_Exercise instructions_:
Find the line with "UK Plug Adapter: This" in the records below. Output exactly from there until after the line with "Zarówno bazę, jak", without pictures.

======== Extracted material

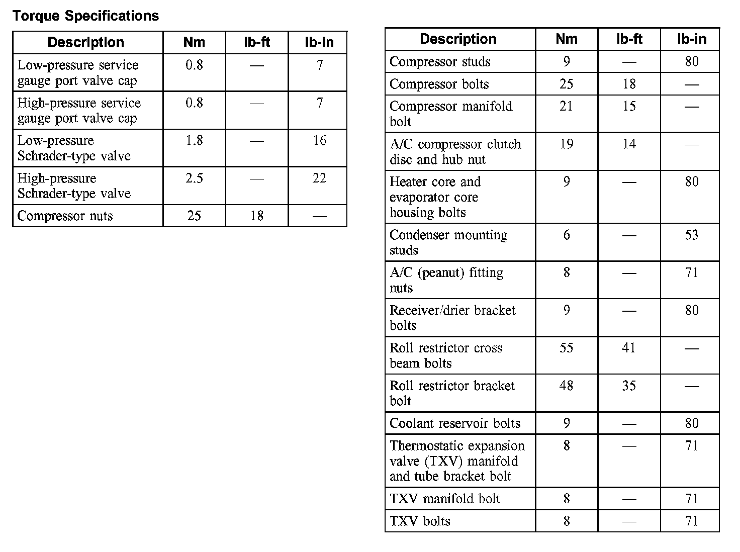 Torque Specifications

================
======== Extracted material

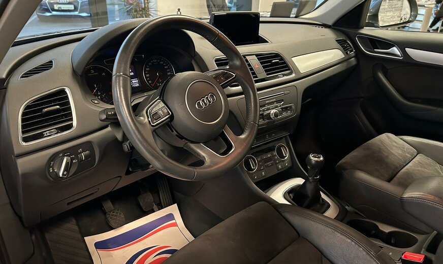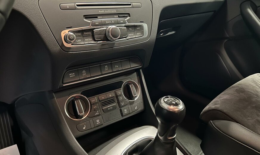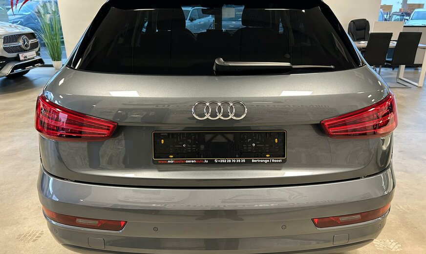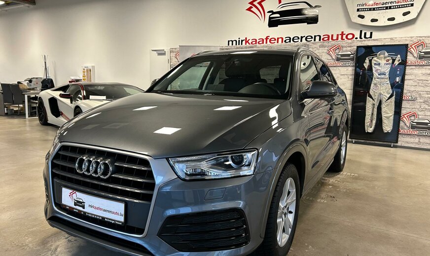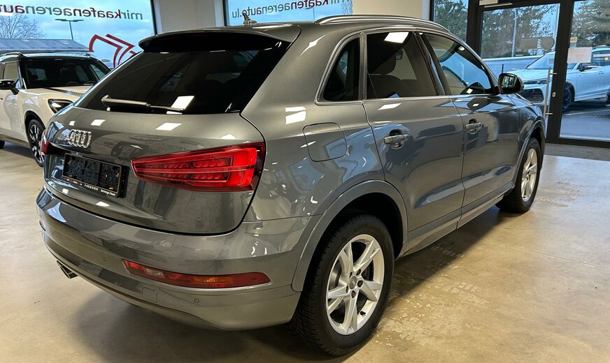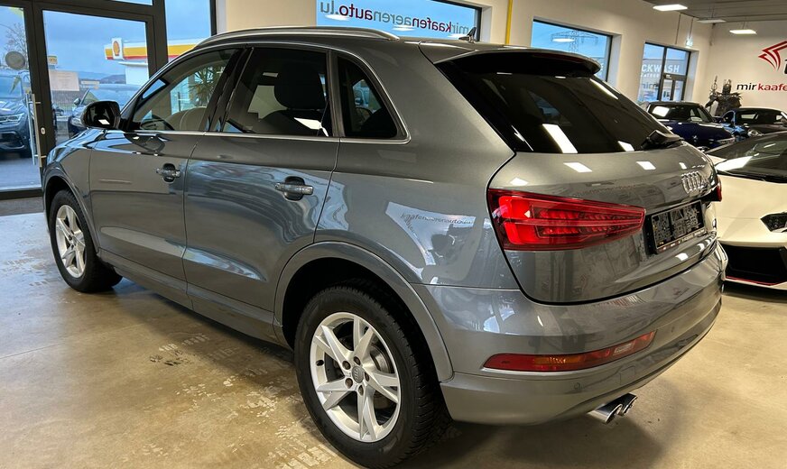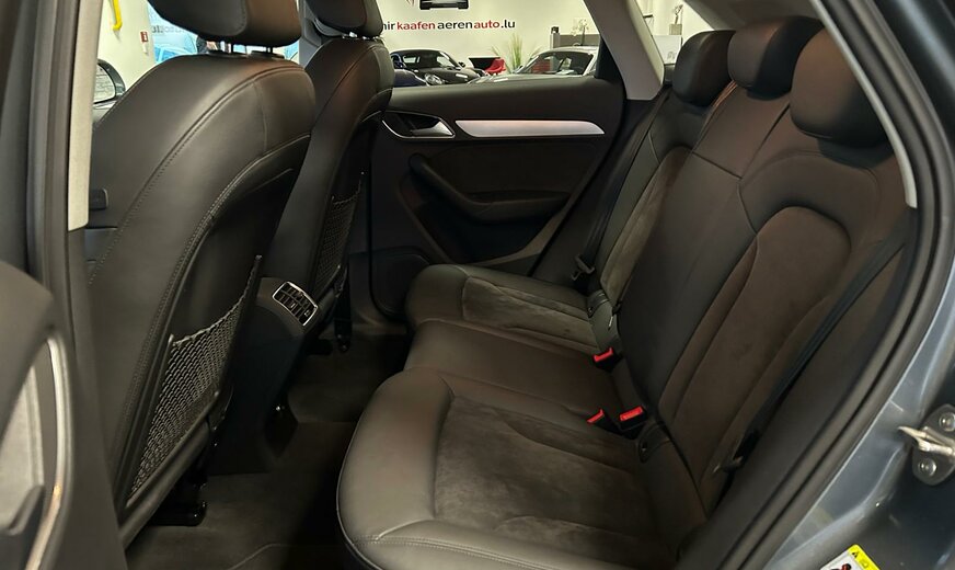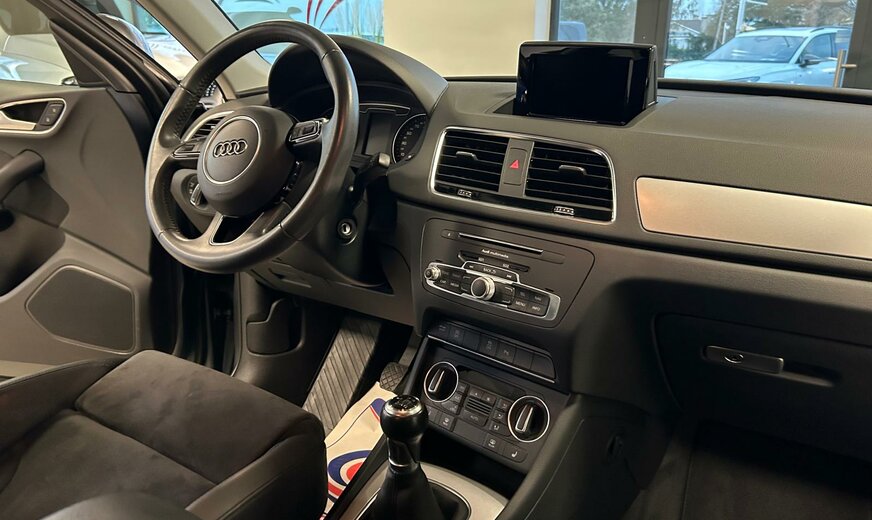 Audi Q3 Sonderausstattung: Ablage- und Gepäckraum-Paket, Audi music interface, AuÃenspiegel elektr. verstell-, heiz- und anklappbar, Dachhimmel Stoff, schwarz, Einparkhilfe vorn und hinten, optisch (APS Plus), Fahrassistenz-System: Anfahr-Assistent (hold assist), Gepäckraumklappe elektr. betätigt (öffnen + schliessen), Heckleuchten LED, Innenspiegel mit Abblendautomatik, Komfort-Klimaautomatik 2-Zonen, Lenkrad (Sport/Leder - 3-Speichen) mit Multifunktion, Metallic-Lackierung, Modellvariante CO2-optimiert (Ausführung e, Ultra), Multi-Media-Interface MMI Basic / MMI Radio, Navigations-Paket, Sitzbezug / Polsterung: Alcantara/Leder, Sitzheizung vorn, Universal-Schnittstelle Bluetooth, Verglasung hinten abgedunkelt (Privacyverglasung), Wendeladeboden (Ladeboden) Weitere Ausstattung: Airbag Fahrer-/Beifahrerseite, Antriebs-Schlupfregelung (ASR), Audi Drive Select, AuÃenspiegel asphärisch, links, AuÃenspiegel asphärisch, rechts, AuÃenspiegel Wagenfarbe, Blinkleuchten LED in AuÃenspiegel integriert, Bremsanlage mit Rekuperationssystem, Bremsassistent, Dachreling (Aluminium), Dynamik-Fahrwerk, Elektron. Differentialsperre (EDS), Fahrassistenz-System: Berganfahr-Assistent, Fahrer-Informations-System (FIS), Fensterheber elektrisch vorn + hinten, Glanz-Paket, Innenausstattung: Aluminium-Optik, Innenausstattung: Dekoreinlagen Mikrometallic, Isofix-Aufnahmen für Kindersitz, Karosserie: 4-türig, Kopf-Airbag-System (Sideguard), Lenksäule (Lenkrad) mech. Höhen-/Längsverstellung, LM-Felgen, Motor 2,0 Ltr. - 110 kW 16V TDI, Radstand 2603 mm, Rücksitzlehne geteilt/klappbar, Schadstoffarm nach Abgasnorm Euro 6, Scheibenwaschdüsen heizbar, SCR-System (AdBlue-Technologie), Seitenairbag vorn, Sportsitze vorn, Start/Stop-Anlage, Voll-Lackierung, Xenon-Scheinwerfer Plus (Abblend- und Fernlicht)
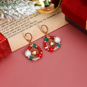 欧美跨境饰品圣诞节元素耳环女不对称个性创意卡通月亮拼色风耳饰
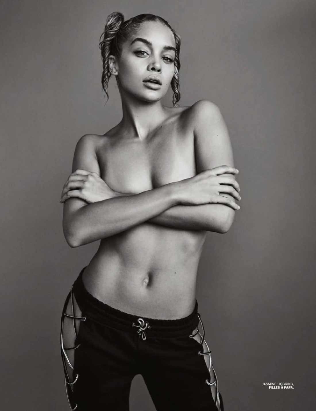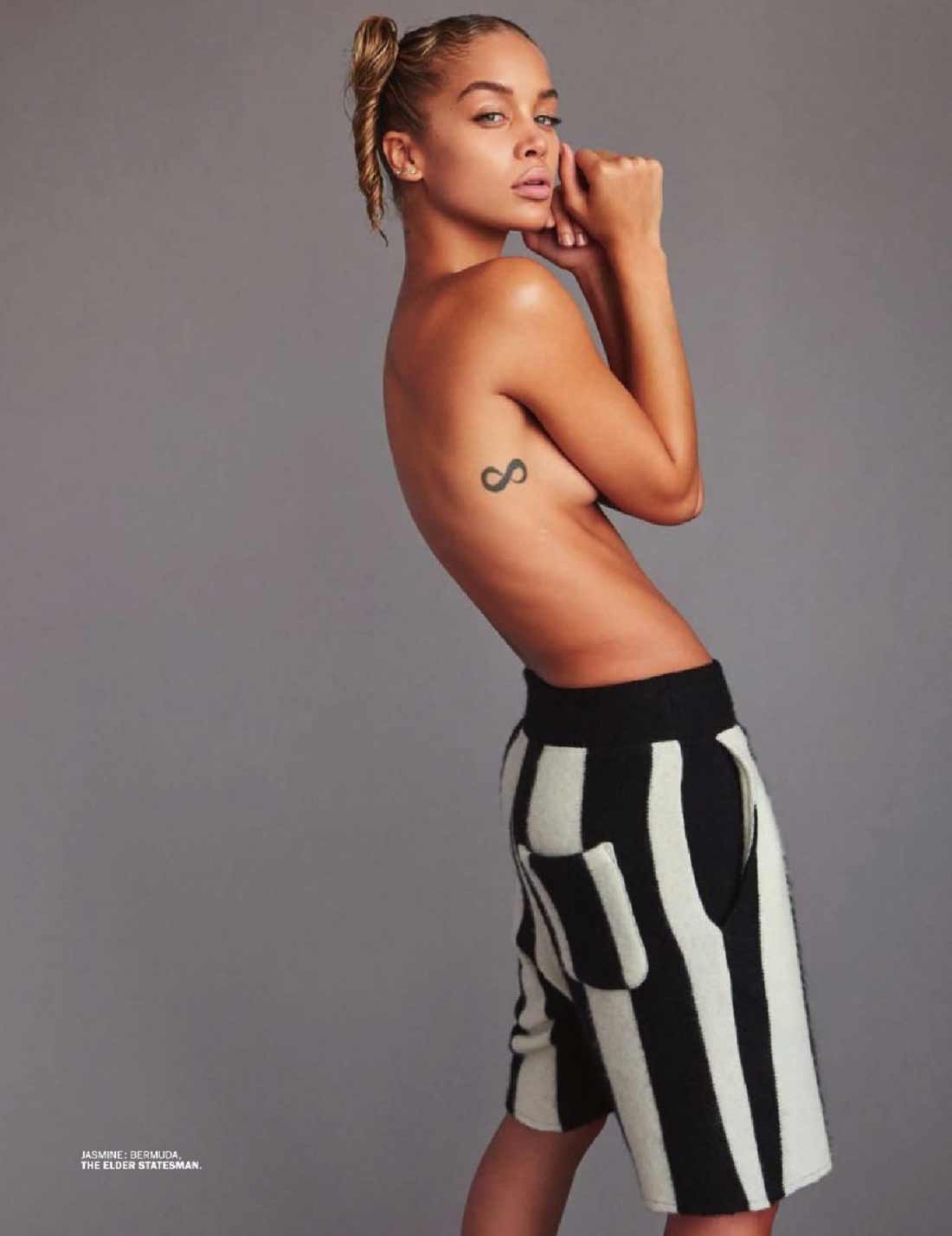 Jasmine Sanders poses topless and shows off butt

================
======== Extracted material

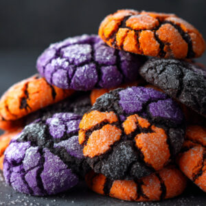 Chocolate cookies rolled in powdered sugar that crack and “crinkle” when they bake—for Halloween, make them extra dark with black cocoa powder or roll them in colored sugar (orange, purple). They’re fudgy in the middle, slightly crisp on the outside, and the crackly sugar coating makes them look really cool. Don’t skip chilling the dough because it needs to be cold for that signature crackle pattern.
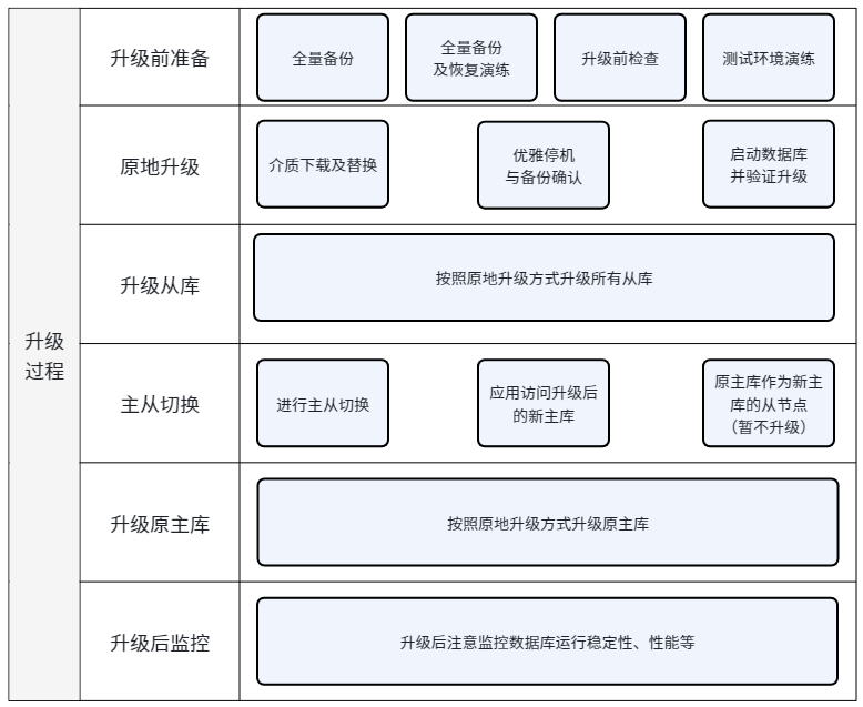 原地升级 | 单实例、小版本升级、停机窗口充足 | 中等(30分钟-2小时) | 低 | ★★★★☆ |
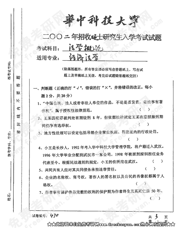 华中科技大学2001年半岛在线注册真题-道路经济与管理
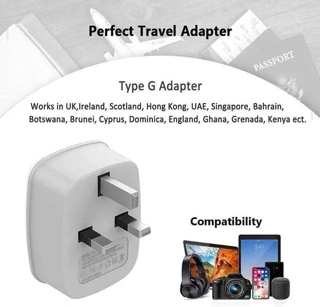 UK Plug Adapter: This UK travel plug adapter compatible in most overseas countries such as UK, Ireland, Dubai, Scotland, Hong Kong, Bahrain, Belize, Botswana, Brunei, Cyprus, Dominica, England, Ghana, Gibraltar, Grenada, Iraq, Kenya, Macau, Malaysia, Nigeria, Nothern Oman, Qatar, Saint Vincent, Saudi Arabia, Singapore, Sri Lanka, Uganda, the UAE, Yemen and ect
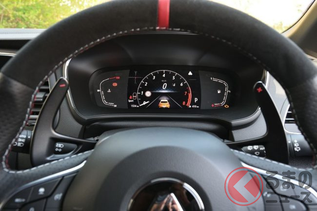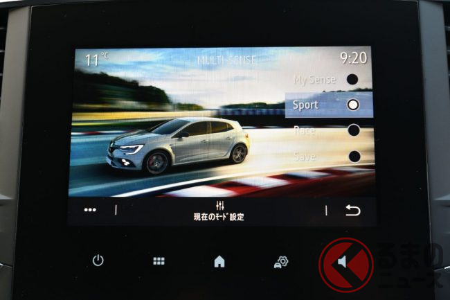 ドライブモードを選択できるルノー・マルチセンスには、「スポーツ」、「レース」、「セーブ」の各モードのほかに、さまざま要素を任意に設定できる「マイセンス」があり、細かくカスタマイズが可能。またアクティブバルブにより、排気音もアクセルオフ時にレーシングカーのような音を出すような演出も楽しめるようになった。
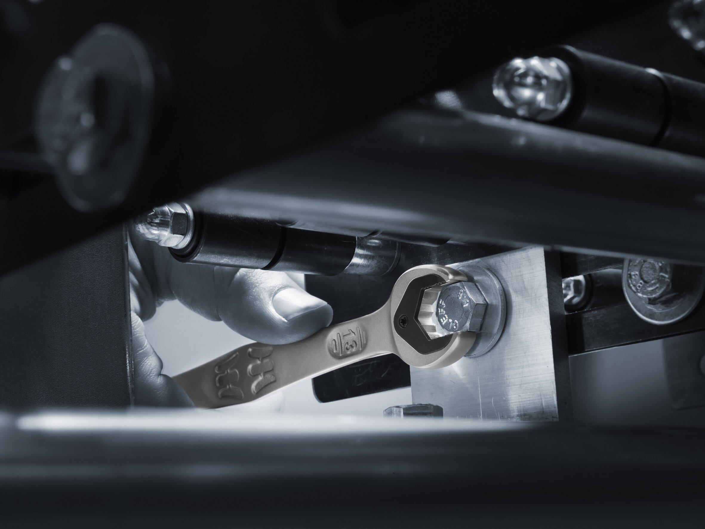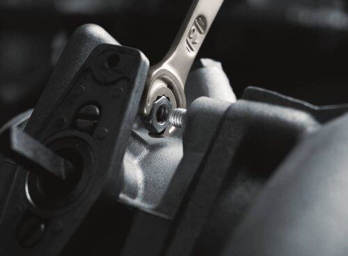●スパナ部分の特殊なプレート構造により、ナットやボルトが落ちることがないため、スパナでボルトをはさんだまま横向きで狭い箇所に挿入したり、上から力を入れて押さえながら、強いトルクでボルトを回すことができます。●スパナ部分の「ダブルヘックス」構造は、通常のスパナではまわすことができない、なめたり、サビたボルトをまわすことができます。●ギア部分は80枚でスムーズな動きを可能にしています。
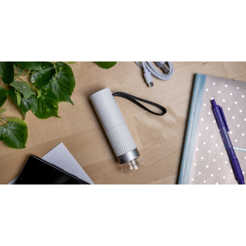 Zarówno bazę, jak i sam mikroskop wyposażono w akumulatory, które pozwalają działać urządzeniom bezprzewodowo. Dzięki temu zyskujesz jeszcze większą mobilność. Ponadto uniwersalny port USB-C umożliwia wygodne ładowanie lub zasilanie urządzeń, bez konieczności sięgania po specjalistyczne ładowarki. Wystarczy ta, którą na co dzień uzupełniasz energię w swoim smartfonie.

================

_Written response_:
 UK Plug Adapter: This UK travel plug adapter compatible in most overseas countries such as UK, Ireland, Dubai, Scotland, Hong Kong, Bahrain, Belize, Botswana, Brunei, Cyprus, Dominica, England, Ghana, Gibraltar, Grenada, Iraq, Kenya, Macau, Malaysia, Nigeria, Nothern Oman, Qatar, Saint Vincent, Saudi Arabia, Singapore, Sri Lanka, Uganda, the UAE, Yemen and ect
 ドライブモードを選択できるルノー・マルチセンスには、「スポーツ」、「レース」、「セーブ」の各モードのほかに、さまざま要素を任意に設定できる「マイセンス」があり、細かくカスタマイズが可能。またアクティブバルブにより、排気音もアクセルオフ時にレーシングカーのような音を出すような演出も楽しめるようになった。
●スパナ部分の特殊なプレート構造により、ナットやボルトが落ちることがないため、スパナでボルトをはさんだまま横向きで狭い箇所に挿入したり、上から力を入れて押さえながら、強いトルクでボルトを回すことができます。●スパナ部分の「ダブルヘックス」構造は、通常のスパナではまわすことができない、なめたり、サビたボルトをまわすことができます。●ギア部分は80枚でスムーズな動きを可能にしています。
 Zarówno bazę, jak i sam mikroskop wyposażono w akumulatory, które pozwalają działać urządzeniom bezprzewodowo. Dzięki temu zyskujesz jeszcze większą mobilność. Ponadto uniwersalny port USB-C umożliwia wygodne ładowanie lub zasilanie urządzeń, bez konieczności sięgania po specjalistyczne ładowarki. Wystarczy ta, którą na co dzień uzupełniasz energię w swoim smartfonie.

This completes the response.